Give the listing again in full and exactly, apart from its pictures.

→ EXERCISE DATA
== == ==
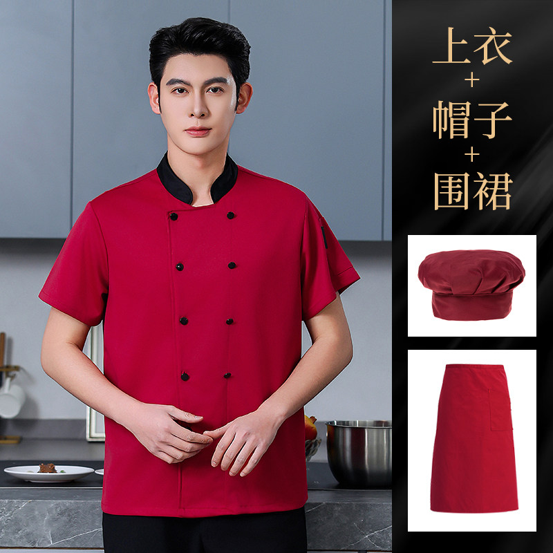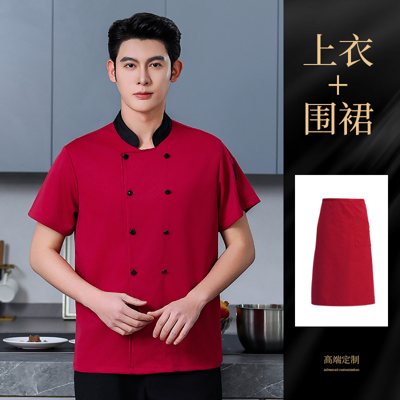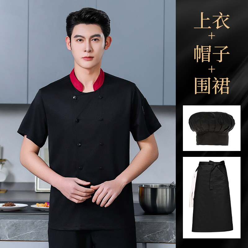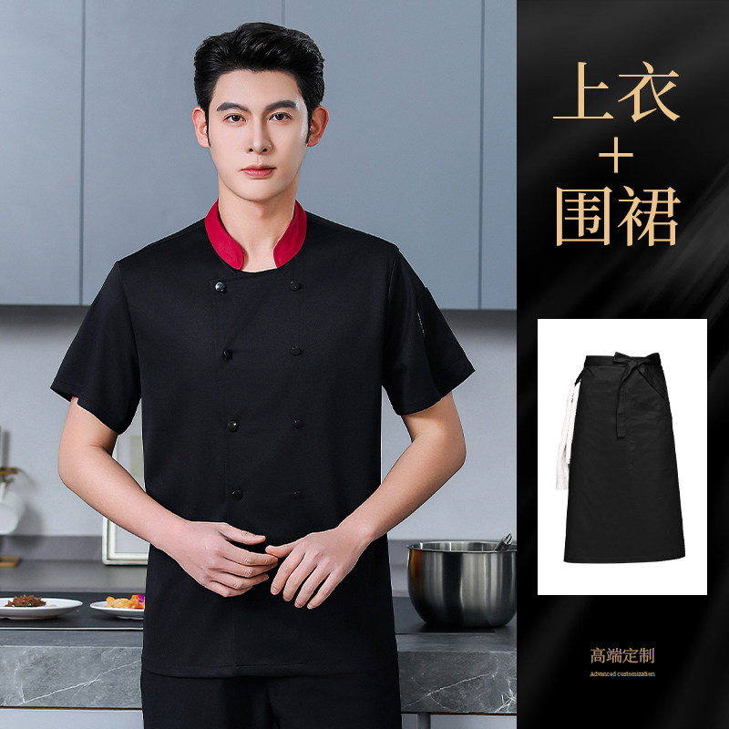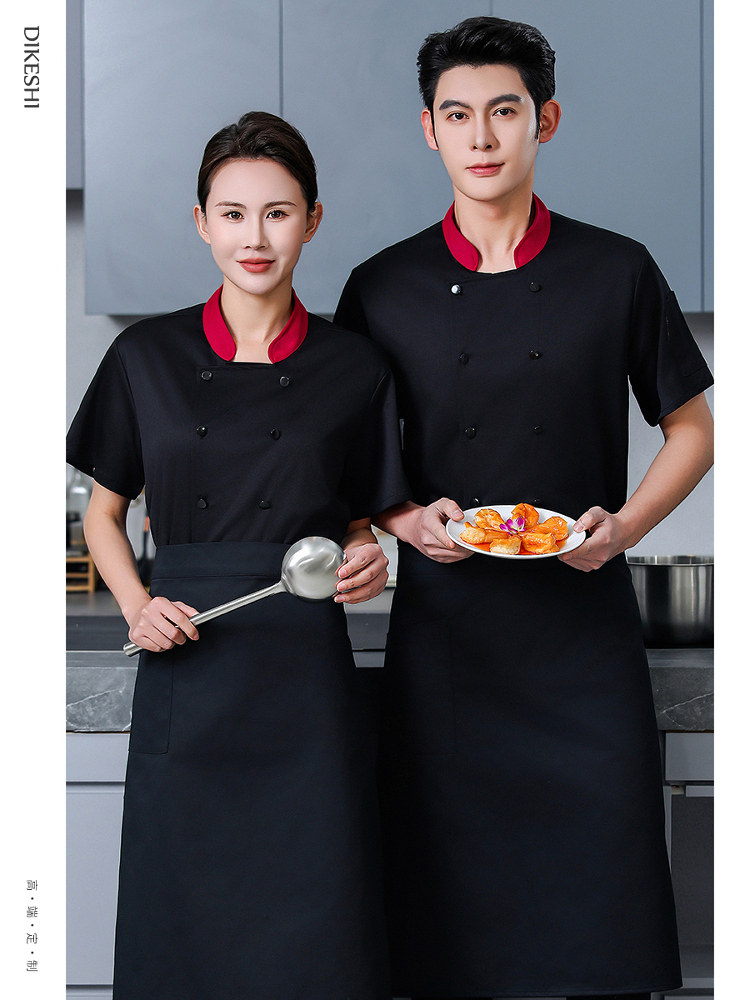 高端厨师工作服短袖透气工装男夏季餐饮酒店早点西餐厅后厨房厨衣
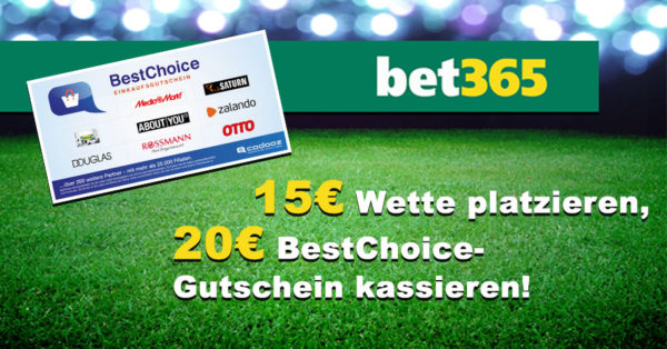 Bet365: 20€ BestChoice-Gutschein für 20€ Wett-Einsatz (Bonus Deal)
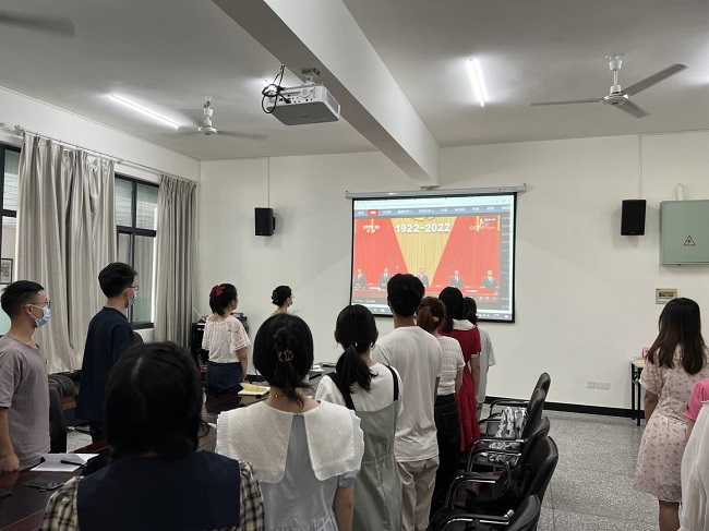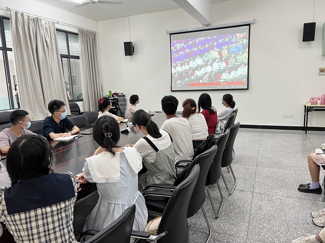 会上,习近平总书记向共青团员、团组织成员致以诚挚祝福和问候,他表示,青年的理想和信念是民族、国家前进的动力,要将小我融入大我。习近平总书记全面回顾一百年来共青团的奋斗历程,强调坚定不移跟党走、为党和人民奋斗是中国共产主义青年团的初心使命;他向青年们提出建议,希望大家从内心深处厚植对党的信赖,创先争优,带头迎难而上,让革命薪火代代相传。在观看的过程中,同学们深刻感知青年之使命,青年之担当。学习结束后,钟永淑老师对大家表达殷切期望,她表示党有号召,团有行动,希望同学们为民族复兴铺路架桥,为祖国建设添砖加瓦。最后,张红丽老师寄语大家脚踏实地,将青春融入奋斗之路,从共青团百年发展史中汲取奋斗力量,成为一名能担当时代重任的青年人。
== == ==
→ EXERCISE RESULT
 高端厨师工作服短袖透气工装男夏季餐饮酒店早点西餐厅后厨房厨衣
 Bet365: 20€ BestChoice-Gutschein für 20€ Wett-Einsatz (Bonus Deal)
 会上,习近平总书记向共青团员、团组织成员致以诚挚祝福和问候,他表示,青年的理想和信念是民族、国家前进的动力,要将小我融入大我。习近平总书记全面回顾一百年来共青团的奋斗历程,强调坚定不移跟党走、为党和人民奋斗是中国共产主义青年团的初心使命;他向青年们提出建议,希望大家从内心深处厚植对党的信赖,创先争优,带头迎难而上,让革命薪火代代相传。在观看的过程中,同学们深刻感知青年之使命,青年之担当。学习结束后,钟永淑老师对大家表达殷切期望,她表示党有号召,团有行动,希望同学们为民族复兴铺路架桥,为祖国建设添砖加瓦。最后,张红丽老师寄语大家脚踏实地,将青春融入奋斗之路,从共青团百年发展史中汲取奋斗力量,成为一名能担当时代重任的青年人。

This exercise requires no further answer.